As another central bank, the Federal Reserve, seriously contemplates tapering its latest QE, its policymaking members would do well to consider the several others who either did or thought they should. One of them, obviously, the same Fed but back in 2013. Another was the Bank of Japan early in 2018.
It was March that year and “monetary” officials gathering around Governor Haruhiko Kuroda’s confab were, as I wrote at the time, practically “giddy.” QQE may have taken five years to show itself in the form of growth and inflation, but in their collected views this seemed a plausible outcome for the first time; maybe even likely (it was in the econometric models).
Mind you, growth and inflation hadn’t actually happened yet at the point; on the contrary, these Economists (they are all Economists) were extrapolating in a straight line from “globally synchronized growth’s” minor upswell. In other words, they didn’t see anything on the horizon which might spoil the success therefore it was nearly all-clear to taper.
Wouldn’t you believe it, just two months later taper was yanked right off the table. Kuroda’s gang may not have seen anything coming, they never do (see: Dudley, Bill), but “it” came nonetheless. Japan, unbeknownst to pretty much the rest of the world (including most Japanese) actually fell into a “technical” recession by Q3 2018 – yes, just three months after the giddiness.

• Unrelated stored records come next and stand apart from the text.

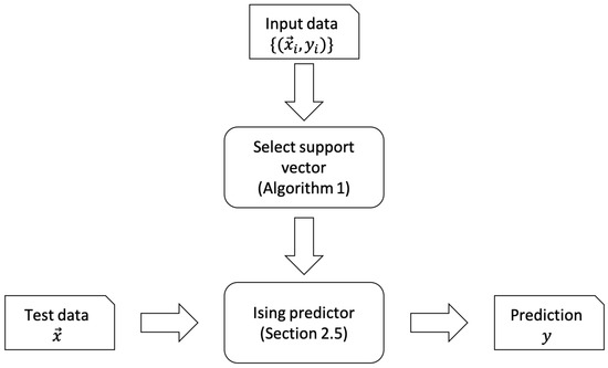 Outline of the proposed algorithm. The training data set is fed into the support vector selection algorithm. The support vectors are then used in the Ising predictor for prediction. The support vector selection algorithm is described in Algorithm 1 and the Ising predictor is described in Section 2.5.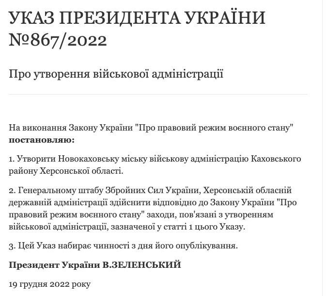 10:11 Зеленский подписал указ о создании новой городской военной администрации в Херсонской области - Новокаховской. Главой назначен председатель Каховского райсовета Валерий Брусенский.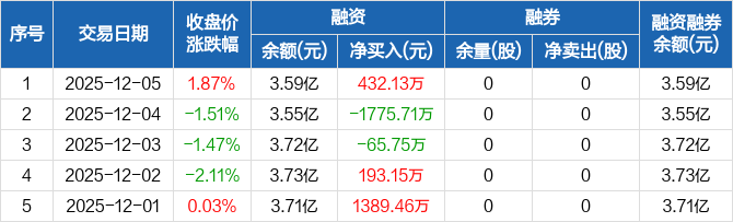 宏景科技:融资净买入432.13万元,融资余额3.59亿元(12-05)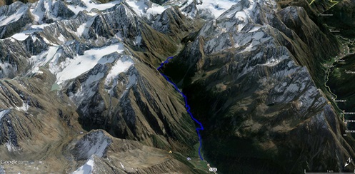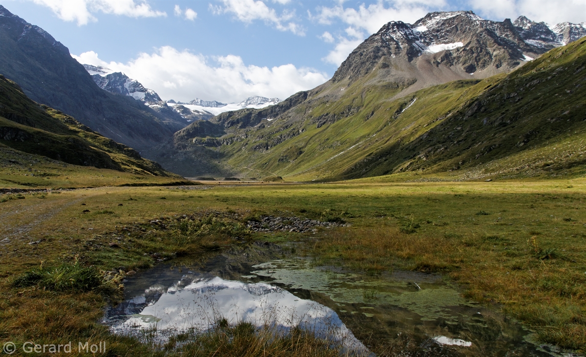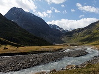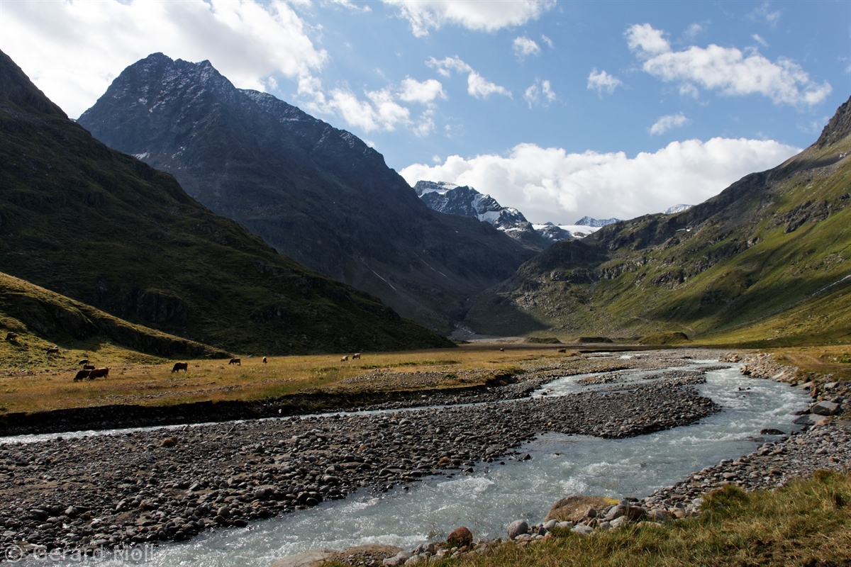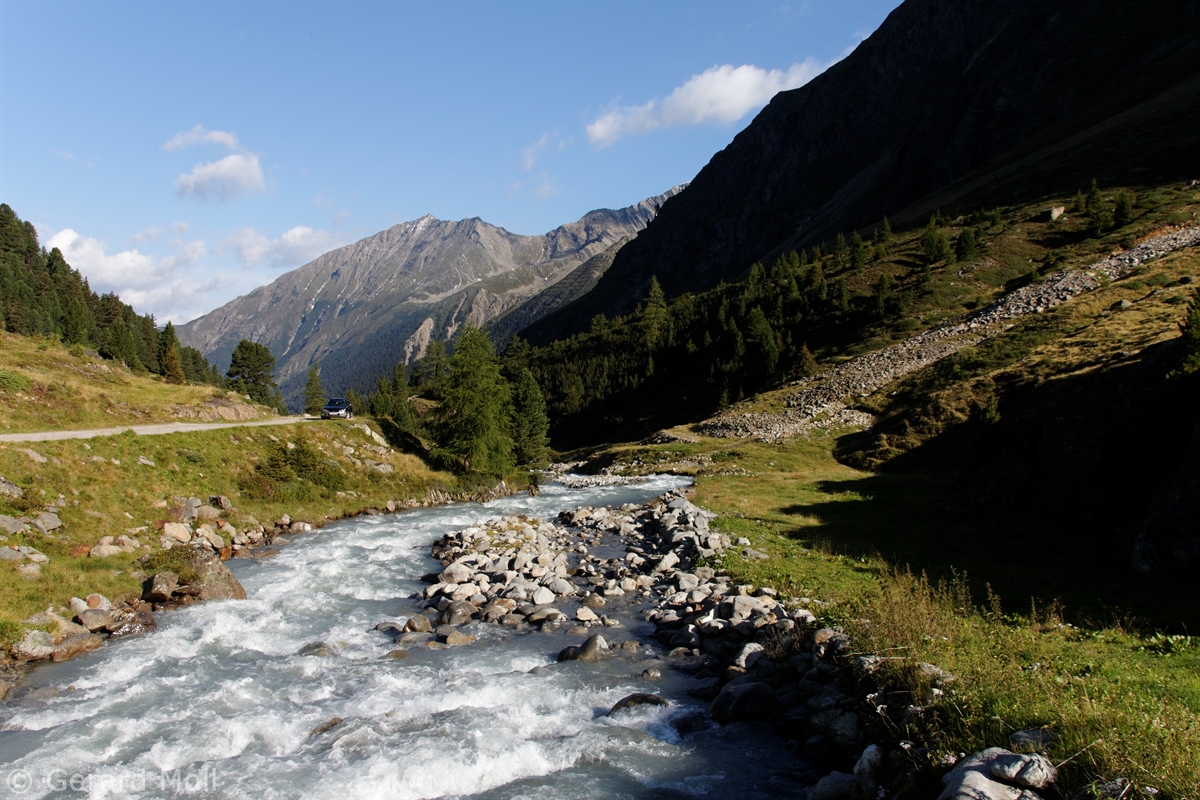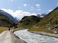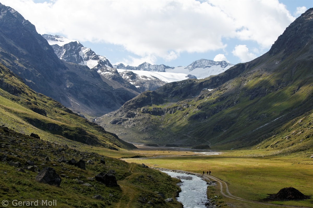Von Längenfeld im Ötztal gelangt man nach Gries (1569 m). Vorbei an der Sulztalalm wandern wir auf einem Fahrweg hinauf zur Amberger Hütte am Fuß des mächtigen Schrankogel (3497 m, zweithöchster Gipfel der Stubaier Alpen).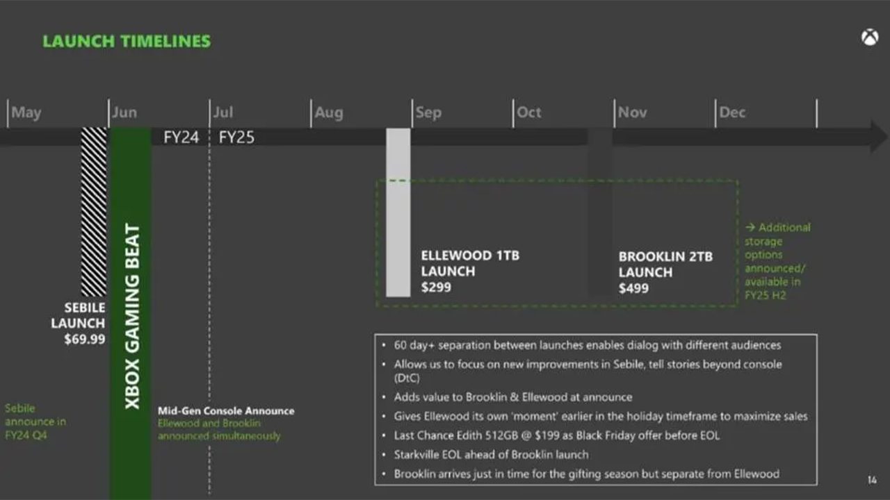 این اطلاعات بیش از هر چیز به نسخه میان نسلی کنسول ایکس باکس سری ایکس اشاره دارند. کنسول میان نسلی برگرفته از قویترین کنسول تاریخ با اسم رمز Brooklin شناخته شده و طراحی استوانهای داشته و از درایو دیسک محروم است. اطلاعات چندانی درباره کنسول کوچکتر خانواده ایکس باکس یعنی ایکس باکس سری اس مشاهده نشده، با این حال ما در گوشه تصویر اطلاعات، عکسی بسیار کوچک از این کنسول میبینیم و اینگونه به نظر رسیده که باید شاهد نسخهای حتی کوچکتر از این کنسول باشیم. ما باید شاهد عرضه این دو کنسول پس از ماه ژوئن سال ۲۰۲۴ باشیم.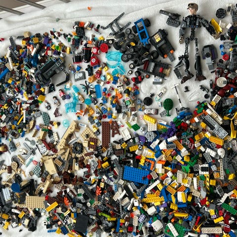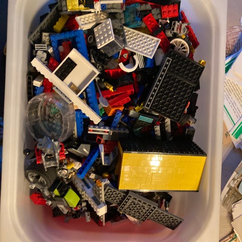 Lego, det mesta färgsorterat i lådor säljes. Olika kategorier, tex City (bla en brandstation), Star wars, Harry Potter (bla en hel borg), Technic, Ninjago och Super Mario. Ett 20-tal ritningar.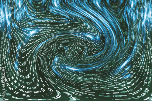 Blue matrix digital background. Distorted cyberspace concept. Characters fall down in wormhole. Hacked matrix. Virtual reality design. Complex algorithm data hacking. Cyan digital sparks.

As I wrote in June 2018, with that recession already a forgone conclusion, the Bank of Japan’s “best and brightest” went from the very brink of what would’ve been their ultimate high to positively stumped and seriously alarmed in the eurodollar equivalent of a blink of an eye:
The Bank of Japan gathered its policymaking members in Tokyo at the end of last week. The statements released and the commentary given pursuant to it exuded a renewed darkness. When they had last met on April 26 and 27, things were already different. But the conclave before that, March 8 and 9, they were practically giddy.
What a difference a few months make, not that these Economists have any idea why.
Keep this in mind as Jay’s group moves closer to its taper. And taper itself matters nothing whatsoever, whether Japanese, American, European, etc.; basically, the same mind games to project confidence in “official” forecasts and extrapolations regardless of economic (small “e”) as well as monetary facts in every situation.
There were any number of warning signs from late in 2017 which had, you know, warned them prior to the “unexpected” recession to reconsider these more optimistic predictions; how globally synchronized growth was little more than a pipedream, never more substantial than a bumper sticker slogan.
Japan’s Cabinet Office reported last week that real GDP in Q2 2021 only partly rebounded (+0.47% q/q) from Q1’s further decline (-1.06% q/q), disappointing expectations with total estimated real output still more than 1% less than the final quarter of last year. In other words, the entire first half of 2021 has been a spectacular flop (in the same way, it needs to be said, that the first half of 2018 had been).
That’s just COVID, they say. Delta wave and renewed emergency, a spectator-less already-delayed Summer Olympics forced to miss the whole point of spectacle.
Is it really just pandemic related? Or are mainstream forecasts whistling past the graveyard of deeper, more structural weaknesses and the alarms these set off if only to be ignored each and every time?
Here’s the thing; Japan’s problems are not unique to Japan, just like they weren’t in 2018 (or 2019). And while its easy to chalk it all up to rampant disease you have to see this synchronized disappointment as potentially much more than that.
Thus, why that big French freightliner’s announcement last week should be plastered all over the internet as it is likely more meaningful (certainly more real) than every single taper projection batted around in the mainstream presses. What CMA CGM is indicating has as much to do with global demand potential going forward and how we may have already seen the best of it.
And it didn’t get close to recovery.
Despite the US goods frenzy funded by the US feds (not the Fed), production levels have not recovered. Not in Japan, Mexico, Europe, even the United States. Not just below February 2020, way, way less than when Kuroda was last so near his happiest.
This lack of recovery still only pushed shipping rates sky high because of inelasticity in supply.
But if shippers are now seeing things differently going ahead, beginning to adjust prices, with production levels still repressed, what must they be thinking about what’s really been depressing those levels this year? Delta COVID has already peaked and has turned down in much of the world.
Might the same be true of global demand no matter how counterintuitive to the narrative?
If there is a small difference between Powell’s possible taper and Kuroda’s hypothetical a few years back, it’s only that Jay hasn’t yet been, and probably won’t be, very giddy about it. That’s just personality rather than more data and evidence. They both extrapolate if the one emotionless.
Their ultimate chances, though, more and more they seem about the same.